Records:
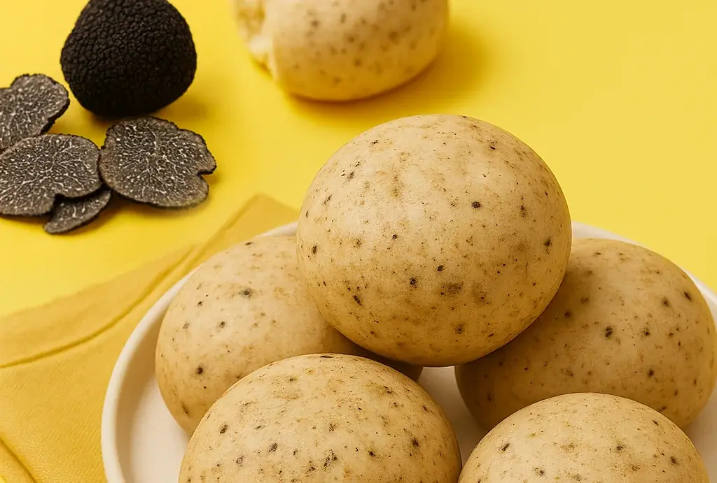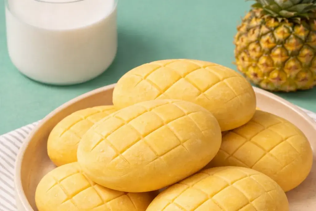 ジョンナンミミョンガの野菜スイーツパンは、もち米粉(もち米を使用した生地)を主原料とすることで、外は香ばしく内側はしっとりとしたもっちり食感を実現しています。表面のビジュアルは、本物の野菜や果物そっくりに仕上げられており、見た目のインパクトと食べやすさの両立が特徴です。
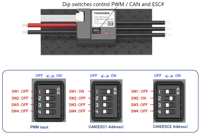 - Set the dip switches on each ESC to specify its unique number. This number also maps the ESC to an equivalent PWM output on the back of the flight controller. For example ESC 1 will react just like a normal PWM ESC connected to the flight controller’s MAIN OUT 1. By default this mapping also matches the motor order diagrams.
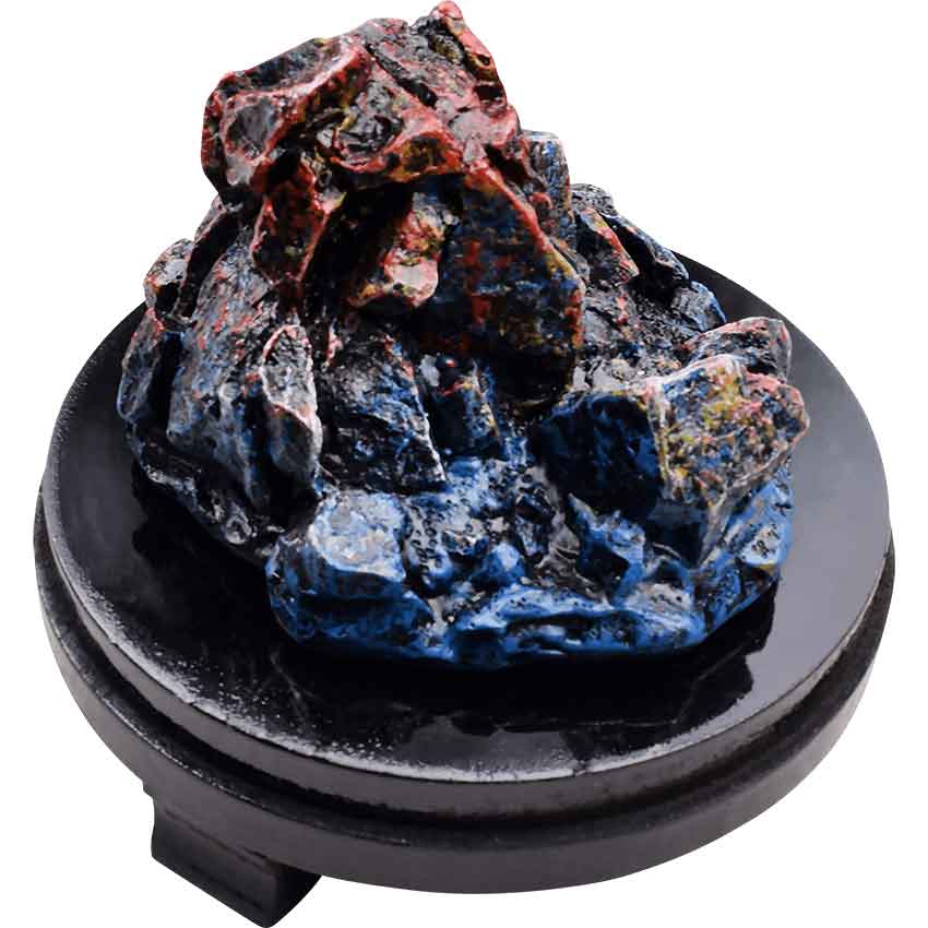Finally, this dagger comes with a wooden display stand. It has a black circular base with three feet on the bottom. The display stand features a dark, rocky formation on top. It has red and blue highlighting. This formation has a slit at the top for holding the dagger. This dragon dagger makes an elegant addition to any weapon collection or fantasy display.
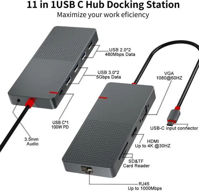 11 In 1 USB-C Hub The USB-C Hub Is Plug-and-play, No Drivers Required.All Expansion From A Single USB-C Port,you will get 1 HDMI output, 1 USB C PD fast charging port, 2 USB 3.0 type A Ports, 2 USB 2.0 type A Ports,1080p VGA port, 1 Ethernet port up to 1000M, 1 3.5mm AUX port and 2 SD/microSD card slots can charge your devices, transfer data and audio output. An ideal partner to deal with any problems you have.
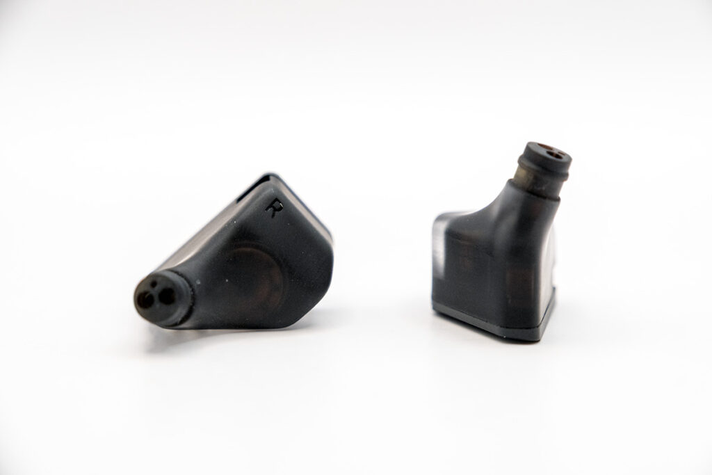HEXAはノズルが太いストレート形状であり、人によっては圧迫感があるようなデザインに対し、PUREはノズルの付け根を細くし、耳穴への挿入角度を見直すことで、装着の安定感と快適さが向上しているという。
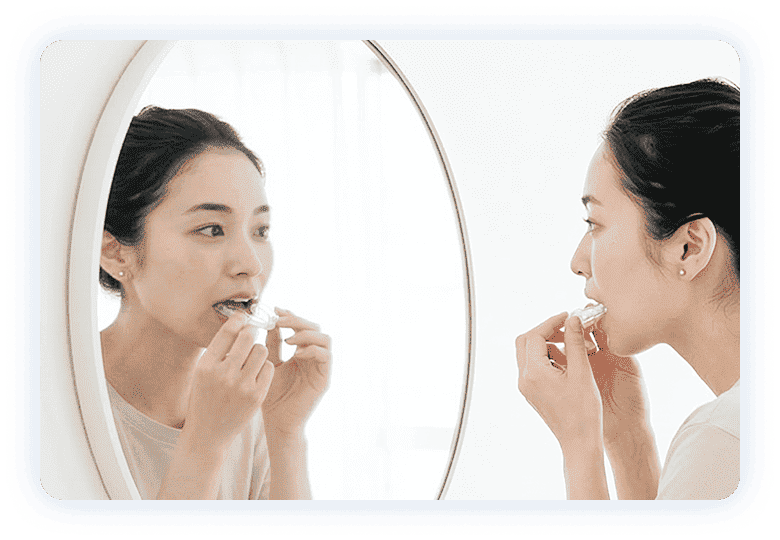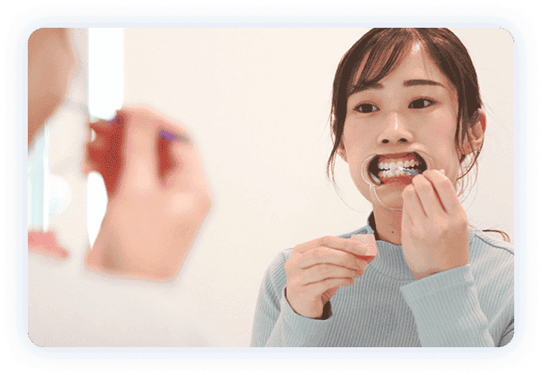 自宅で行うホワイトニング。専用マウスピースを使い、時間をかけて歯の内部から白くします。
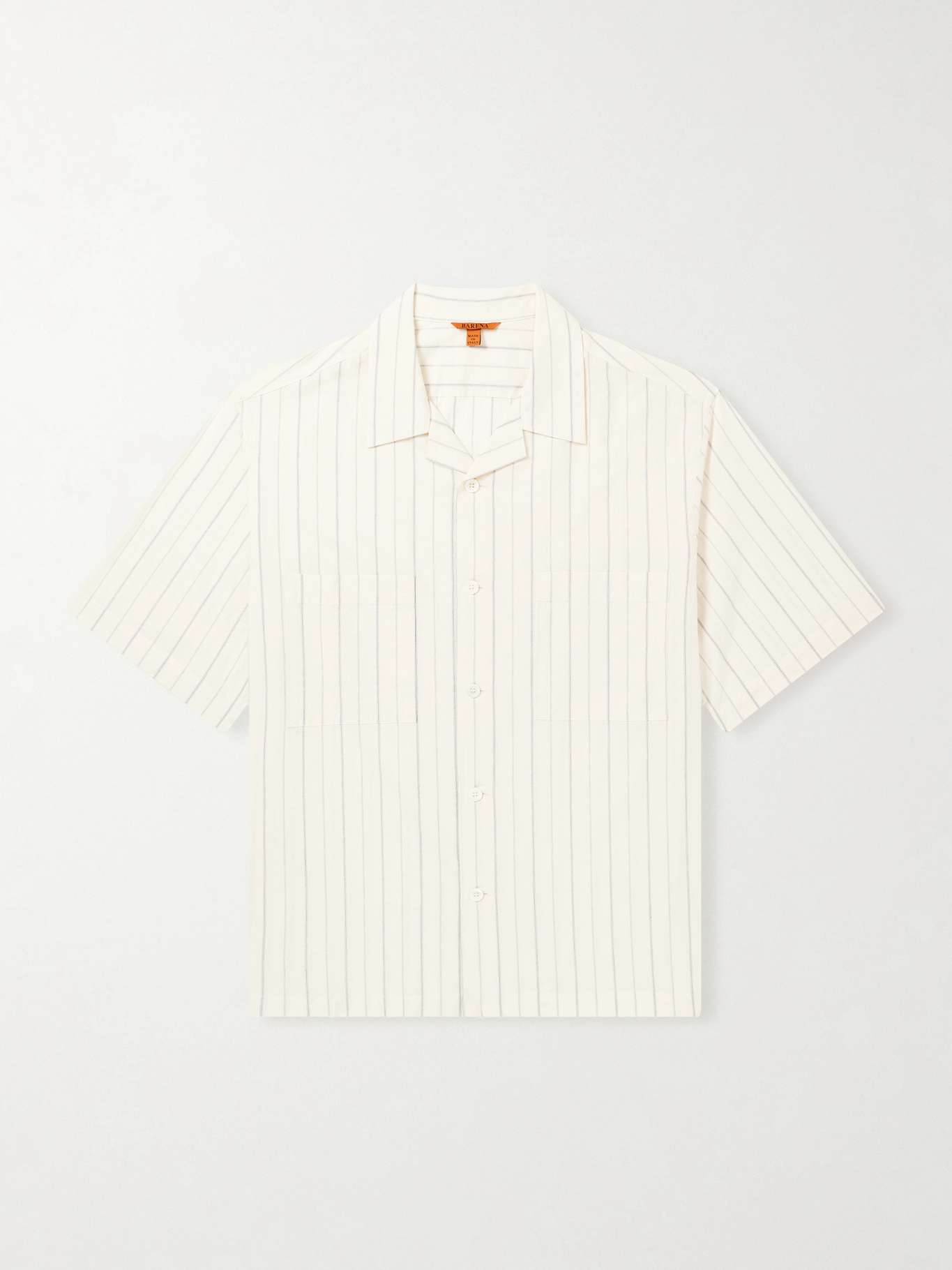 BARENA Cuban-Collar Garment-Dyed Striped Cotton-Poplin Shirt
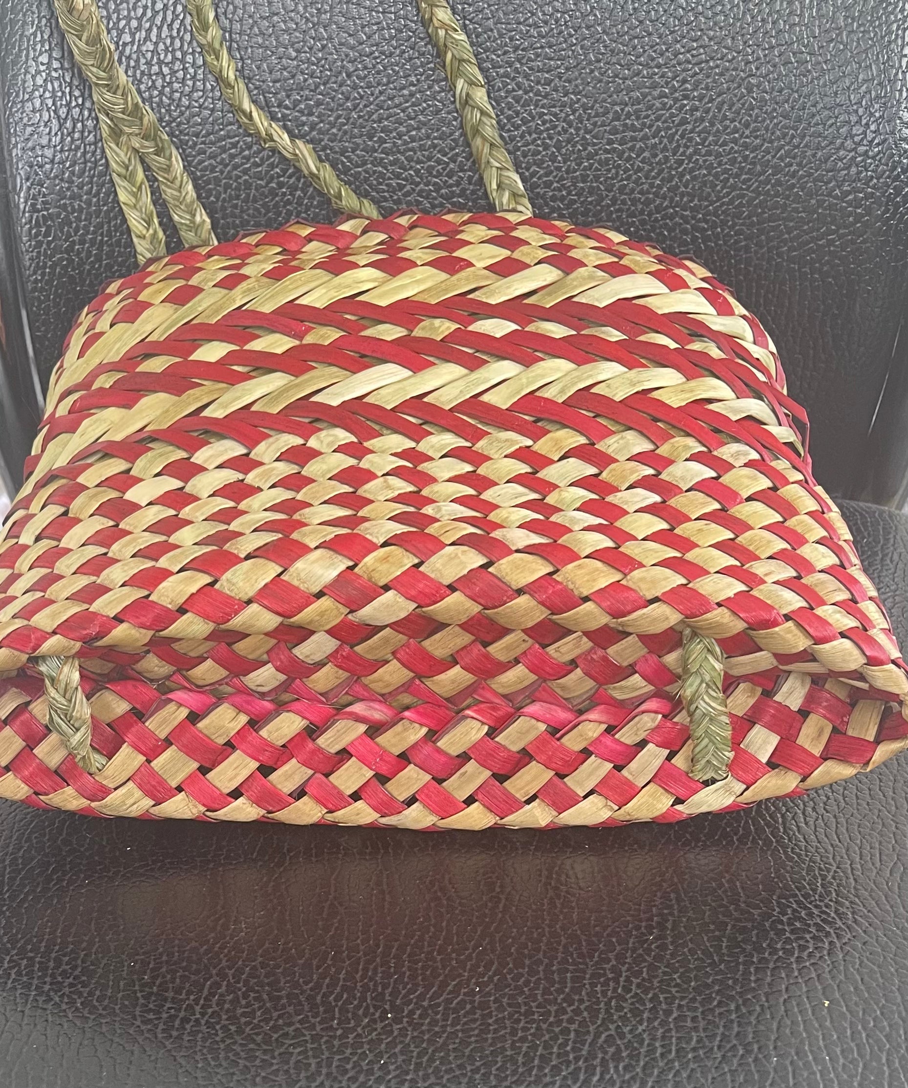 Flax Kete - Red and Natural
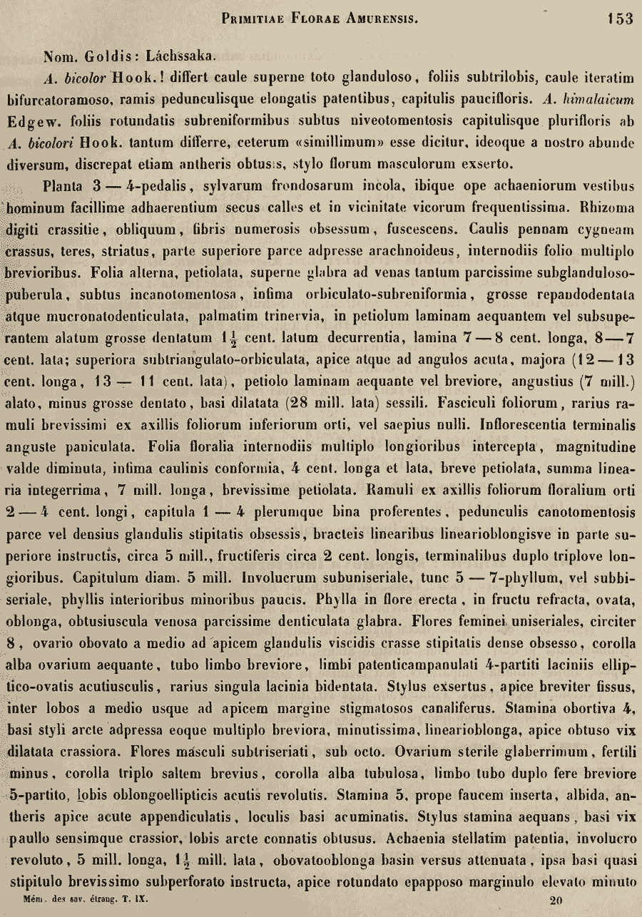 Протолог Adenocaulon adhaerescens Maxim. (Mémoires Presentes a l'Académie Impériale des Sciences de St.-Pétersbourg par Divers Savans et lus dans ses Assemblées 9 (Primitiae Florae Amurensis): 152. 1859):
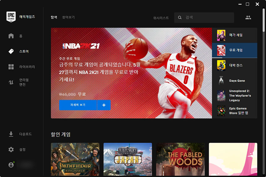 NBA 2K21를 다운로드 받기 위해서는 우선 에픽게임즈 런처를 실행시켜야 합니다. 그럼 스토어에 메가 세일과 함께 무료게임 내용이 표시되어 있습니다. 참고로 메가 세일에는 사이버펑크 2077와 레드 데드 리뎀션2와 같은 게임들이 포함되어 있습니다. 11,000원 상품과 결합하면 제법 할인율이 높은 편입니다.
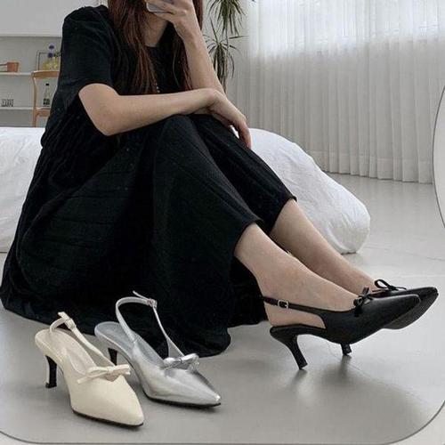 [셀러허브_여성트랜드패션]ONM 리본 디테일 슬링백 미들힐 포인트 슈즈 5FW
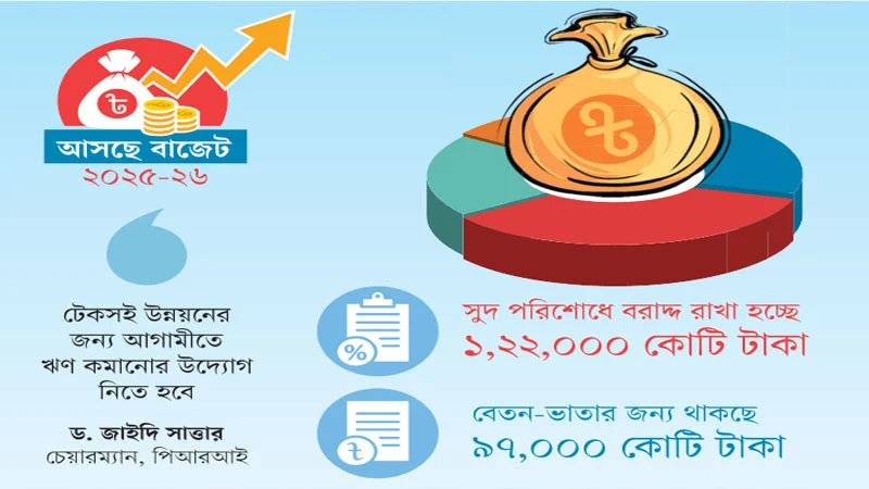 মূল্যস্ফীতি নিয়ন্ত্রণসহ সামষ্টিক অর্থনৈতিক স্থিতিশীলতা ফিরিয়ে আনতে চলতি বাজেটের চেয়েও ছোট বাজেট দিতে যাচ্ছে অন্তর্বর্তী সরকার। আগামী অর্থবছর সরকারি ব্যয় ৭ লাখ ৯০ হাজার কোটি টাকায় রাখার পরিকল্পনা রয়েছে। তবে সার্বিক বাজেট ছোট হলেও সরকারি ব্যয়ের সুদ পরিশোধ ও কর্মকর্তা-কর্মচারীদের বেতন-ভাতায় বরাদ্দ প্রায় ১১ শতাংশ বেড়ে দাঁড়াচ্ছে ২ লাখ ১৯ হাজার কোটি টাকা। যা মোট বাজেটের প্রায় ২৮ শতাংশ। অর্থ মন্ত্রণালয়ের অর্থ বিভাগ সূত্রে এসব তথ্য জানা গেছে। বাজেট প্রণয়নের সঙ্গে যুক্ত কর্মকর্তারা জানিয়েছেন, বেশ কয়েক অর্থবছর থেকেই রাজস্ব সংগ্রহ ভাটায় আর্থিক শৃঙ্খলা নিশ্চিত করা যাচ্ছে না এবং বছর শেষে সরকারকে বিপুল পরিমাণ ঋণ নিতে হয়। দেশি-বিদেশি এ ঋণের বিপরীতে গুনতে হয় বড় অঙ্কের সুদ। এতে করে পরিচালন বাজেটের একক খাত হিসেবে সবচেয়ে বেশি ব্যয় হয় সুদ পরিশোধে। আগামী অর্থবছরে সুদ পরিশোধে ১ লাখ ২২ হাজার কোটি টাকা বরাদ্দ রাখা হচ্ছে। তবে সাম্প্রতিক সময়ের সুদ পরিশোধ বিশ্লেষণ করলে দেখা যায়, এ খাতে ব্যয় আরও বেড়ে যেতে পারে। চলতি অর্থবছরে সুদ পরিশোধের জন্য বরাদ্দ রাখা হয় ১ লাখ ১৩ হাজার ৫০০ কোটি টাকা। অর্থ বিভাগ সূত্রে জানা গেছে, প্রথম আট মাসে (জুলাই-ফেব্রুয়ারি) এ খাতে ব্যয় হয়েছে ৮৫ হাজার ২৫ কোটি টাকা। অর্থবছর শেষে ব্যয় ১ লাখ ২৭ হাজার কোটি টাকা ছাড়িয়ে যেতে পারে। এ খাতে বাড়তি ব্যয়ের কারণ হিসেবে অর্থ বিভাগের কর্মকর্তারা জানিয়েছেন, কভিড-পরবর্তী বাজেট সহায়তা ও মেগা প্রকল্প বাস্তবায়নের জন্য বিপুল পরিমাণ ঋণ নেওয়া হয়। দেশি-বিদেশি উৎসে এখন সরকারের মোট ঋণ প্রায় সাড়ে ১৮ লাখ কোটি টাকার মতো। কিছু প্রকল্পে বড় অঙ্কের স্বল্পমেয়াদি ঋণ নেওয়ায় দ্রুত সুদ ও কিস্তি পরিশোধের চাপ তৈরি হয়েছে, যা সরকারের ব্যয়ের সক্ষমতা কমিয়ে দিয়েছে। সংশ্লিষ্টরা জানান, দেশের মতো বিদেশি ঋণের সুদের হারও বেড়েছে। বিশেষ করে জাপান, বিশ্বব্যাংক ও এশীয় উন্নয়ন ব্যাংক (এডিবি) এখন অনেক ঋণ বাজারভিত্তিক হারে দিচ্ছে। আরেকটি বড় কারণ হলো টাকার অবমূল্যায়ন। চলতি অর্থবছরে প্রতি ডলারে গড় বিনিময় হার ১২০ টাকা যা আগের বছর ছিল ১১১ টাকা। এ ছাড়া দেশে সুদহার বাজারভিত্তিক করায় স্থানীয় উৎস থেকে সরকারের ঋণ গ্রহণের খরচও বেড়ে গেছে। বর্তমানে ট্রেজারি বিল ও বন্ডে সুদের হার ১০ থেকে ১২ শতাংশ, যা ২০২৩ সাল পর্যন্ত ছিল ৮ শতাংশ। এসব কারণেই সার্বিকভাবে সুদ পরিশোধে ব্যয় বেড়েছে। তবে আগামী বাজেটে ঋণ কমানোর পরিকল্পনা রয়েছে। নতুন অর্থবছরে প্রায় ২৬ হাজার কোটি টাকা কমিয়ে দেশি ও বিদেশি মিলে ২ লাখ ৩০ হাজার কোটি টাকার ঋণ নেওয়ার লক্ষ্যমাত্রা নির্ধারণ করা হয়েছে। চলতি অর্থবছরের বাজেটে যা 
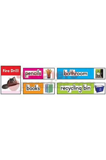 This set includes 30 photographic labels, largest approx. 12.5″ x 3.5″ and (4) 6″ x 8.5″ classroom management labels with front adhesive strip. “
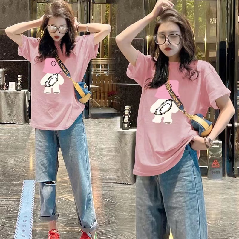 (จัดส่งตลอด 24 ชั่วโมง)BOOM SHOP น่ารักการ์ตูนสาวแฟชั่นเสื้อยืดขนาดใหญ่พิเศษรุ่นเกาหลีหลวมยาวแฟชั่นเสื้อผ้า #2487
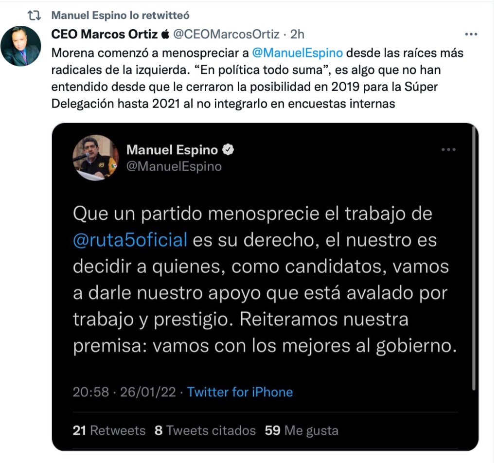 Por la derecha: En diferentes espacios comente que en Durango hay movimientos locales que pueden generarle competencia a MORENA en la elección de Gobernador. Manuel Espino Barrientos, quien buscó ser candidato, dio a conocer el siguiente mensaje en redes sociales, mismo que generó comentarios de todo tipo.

What is being asked:
Start at the line containing "BARENA Cuban-Collar Garment-Dyed" above and stop at the line containing "Протолог Adenocaulon adhaerescens". Output those lines exactly, both included, but none of the pictures.

Solution to this task:
 BARENA Cuban-Collar Garment-Dyed Striped Cotton-Poplin Shirt
 Flax Kete - Red and Natural
 Протолог Adenocaulon adhaerescens Maxim. (Mémoires Presentes a l'Académie Impériale des Sciences de St.-Pétersbourg par Divers Savans et lus dans ses Assemblées 9 (Primitiae Florae Amurensis): 152. 1859):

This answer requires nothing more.